Drinking games of the 16th and 17th centuries to be studied
A DUBLIN microbrewery is to reproduce an ancient oat beer that was so popular with our ancestors they drank 14 pints of it daily.
The drink production is part of a new research project, led by historian Dr Sue Flavin, which examines eating and drinking habits of the 16th and 17th centuries.
Tipperary native Dr Flavin is a historian at Cambridge’s Anglia Ruskin University.
Last year, she made headlines when her research into 16th-century Irish social history revealed stonemasons and other labourers drank more than a dozen pints of oat malt beer a day.
This was thanks to a generous allowance of 14 pints a day from the proctor of Christ Church Cathedral.
Dr Flavin has secured a €1.5m grant from the European Research Council and will now team up with the undisclosed brewery to recreate the heady brew.

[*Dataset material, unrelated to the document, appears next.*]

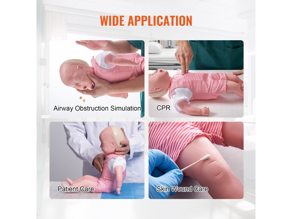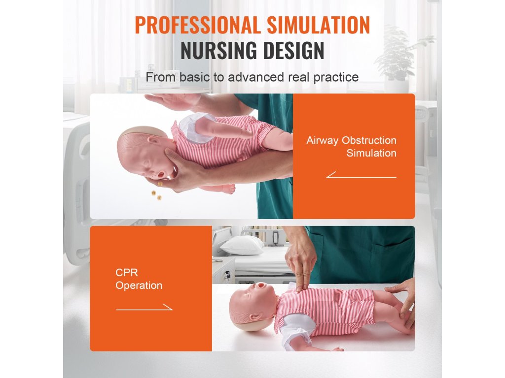 Ez az ápolási próbabábu képes szimulálni a normál és elzáródott légutakat, lehetővé téve a légutak behatolásának, a fulladásnak, a mellkas kitágításának és a standard újraélesztési eljárásoknak a gyakorlását.

She will also conduct research into popular 16thcentury ‘drinking games’.
In the 15th and 16th centuries it was fashionable for both men and women to ‘toast one’s health’ until they became sick from drink.
She will liaise with a team of high-tech archaeologists to determine the type of food consumed in bowls and other pottery.
The items they will study have been recovered from archaeological digs from Dublin Castle, Mogeely Castle in Co Cork, and Rothe House in Co Kilkenny.
The five-year project aims to solve the mystery of “what was eaten, where, why and by whom” in minute detail.
As it stands very little is known about Irish dietary habits during the period, which saw vast social and cultural changes.
“The idea is to challenge stereotypes that everyone ate the same things,” she told the Irish Independent .We do know that ‘exotic’ food like turkey and pineapples were eaten by the wealthy classes at the time, but little is known about what the common people ate, she said.